Das Dösen im Land spiegelt sich auch in den Umfragen wider. Keine Ausreißer nach oben oder unten. Keine Veränderungen. Stillstand. Alles wie gehabt. Immerhin, kann man dazu sagen. Die Meinungsforschung verortet angesichts der jüngsten Umfragedaten die Zustimmung zur Regierungsarbeit als "mäßig". Die politischen Verhältnisse scheinen eingefroren. In der Sonntagsfrage ermittelten die Meinungsforscher von OGM für den Kurier die Freiheitlichen mit 32 Prozent weiterhin unangefochten an der Spitze, gefolgt von der ÖVP mit 22, der SPÖ mit 21 und den NEOS mit 12 Prozent. Und wohl auch bezeichnend - Christian Stocker kommt über die Werte seiner Partei nicht hinaus, hat also mithin bisher keinen Kanzlerbonus.

Das wird sich vielleicht jetzt doch ändern, wurde doch bei der Landeshauptleutekonferenz Ende der Vorwoche in Salzburg eine neue Phase im Zusammenleben der Koalition gestartet. Nach den Sparplänen soll es nun um Reformen gehen.

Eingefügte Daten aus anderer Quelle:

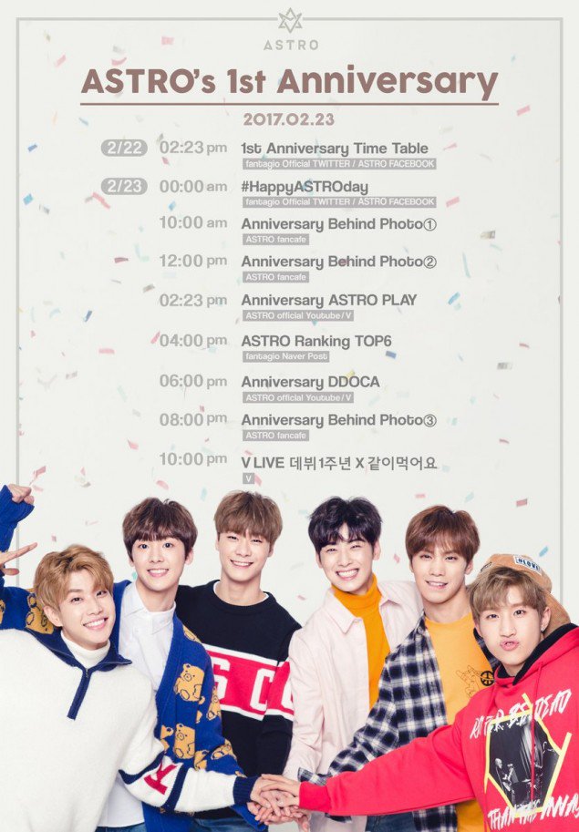 ASTRO 23 Şubat 2016’da çıkış yaptı, yani yıldönümleri büyük bir hızla yaklaşıyor. Çizelgenin yayımlanması ile başlayan liste hayranları için tüm gün boyunca yapacakları etkinliklerle dolu.

Man darf neugierig sein und kämpft damit, die Skepsis im Zaum zu halten. Schließlich ist man ja in Österreich. Und da kann man nur inständig hoffen, dass man nach der Ruhe-und Besinnungsphase der vergangenen Wochen nun wirklich zu neuen Ufern aufbricht -und nicht in alte Muster zurückfällt. Und Österreich Österreich bleibt.